RTX4090 for Scientific Computing

Pros of using RTX 4090 for Scientific Computing:

• High-performance computing: The RTX 4090 offers excellent computing performance, with significant improvements over the RTX 3090. This makes it a powerful tool for running complex simulations and data analysis in scientific computing applications.

• Large memory capacity: The RTX 4090 comes with a large amount of memory, which is essential for storing and processing large scientific datasets. This allows for more efficient and accurate simulations and modeling, as well as faster processing times.

• High-speed data transfer: The RTX 4090 also features high-speed data transfer capabilities, which can be used to quickly transfer large amounts of data between the GPU and the CPU. This can help to reduce the time it takes to run simulations and models, as well as improve overall system performance.

• Advanced ray tracing capabilities: The RTX 4090 features advanced ray tracing capabilities, which can be used to simulate realistic lighting and shadows in scientific visualizations. This can greatly enhance the realism and detail of the visualizations, making them more useful for scientific research.

• CUDA support: The RTX 4090 supports CUDA 11.8, providing developers with a wide range of libraries and tools for optimizing their scientific computing applications for the GPU.

• Double precision performance: One of the key advantages of the RTX 4090 over the RTX 3090 is its superior double precision (fp64) performance. fp64 are used in scientific computing applications requiring very high numerical accuracy levels. Therefore, it makes it a great choice for a wide range of high-performance computing applications.
RTX 4090 for AI-ML

Pros of using RTX 4090 for AI-ML:

• High-performance computing: The RTX 4090 offers excellent computing performance, with significant improvements over the RTX 3090. This makes it a powerful tool for training and running large neural networks in AI-ML applications.
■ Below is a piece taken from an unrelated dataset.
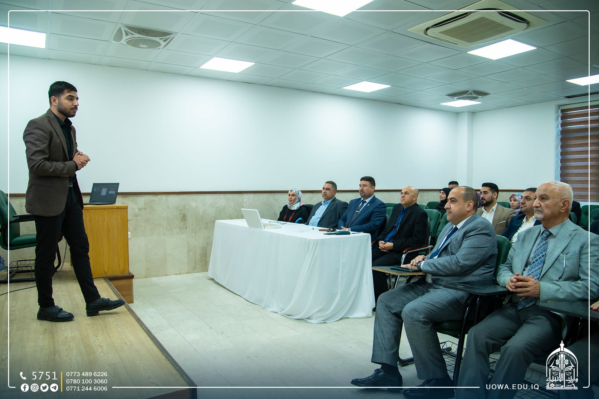 The Department of Civil Engineering, in collaboration with the Department of Scientific Affairs at the University of Warith Al-Anbiyaa (Peace Be Upon Him), organized a scientific seminar titled "Modern Construction Technology Using Hydraulic Jacks Systems Rapid Bridge Replacement on 5 Days Timelapse." The seminar was presented by Dr. Haitham Hassan Mutab Al-Daami, an expert in the design of steel structures and concrete facilities from the University of Babylon.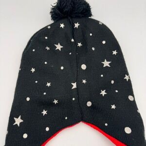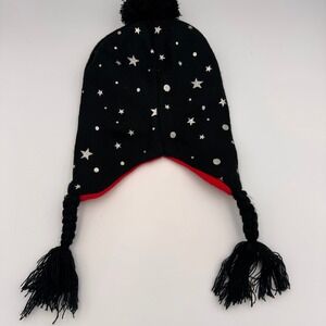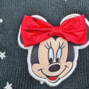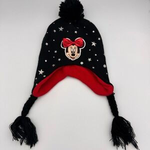 Keywords: Minnie Mouse hat, kids winter hat, girls beanie, black knit hat, red pom pom hat, braided pigtail hat, star print hat, Disney character hat, children's winter accessory, warm winter hat, cozy hat, playful hat, themed hat, cold weather gear

• Large memory capacity: The RTX 4090 comes with 24GB of memory. The larger memory allows for more efficient and accurate training of AI and ML models, as well as faster processing times.

• AI-acceleration: The RTX 4090 is equipped with powerful AI-acceleration capabilities, such as Tensor Cores and CUDA Cores, which can be used to speed up AI and ML tasks. These features can help to increase the speed of training models and improve their accuracy, leading to more efficient and effective research.

• Support for popular AI libraries: The RTX 4090 is compatible with popular AI libraries such as TensorFlow and PyTorch, which makes it easy for developers to implement AI and ML models using these libraries.

• CUDA-optimized libraries: The RTX 4090 supports CUDA-optimized libraries such as cuDNN, TensorRT, and CUDA-X AI which can accelerate AI-ML workloads.

Unleash the Power of the NVIDIA RTX 4090 for AI/ML

Are you ready to take your scientific computing or AI-ML projects to the next level? Then consider upgrading to the NVIDIA RTX 4090 GPU. With its superior performance, large memory capacity, high-speed data transfer, advanced ray tracing capabilities, and CUDA support, the RTX 4090 is a game-changer in high-performance computing. Furthermore, DiGiCOR is the perfect choice for building a custom workstation that is optimized for your specific needs. With fast build times, lifetime labor and tech support, and a dedication to customer satisfaction, DiGiCOR is the ultimate solution for anyone looking to take their computing performance to the next level. Don't miss out on this opportunity to unleash the power of the NVIDIA RTX 4090 - contact DiGiCOR today and start your journey to a more powerful computing experience.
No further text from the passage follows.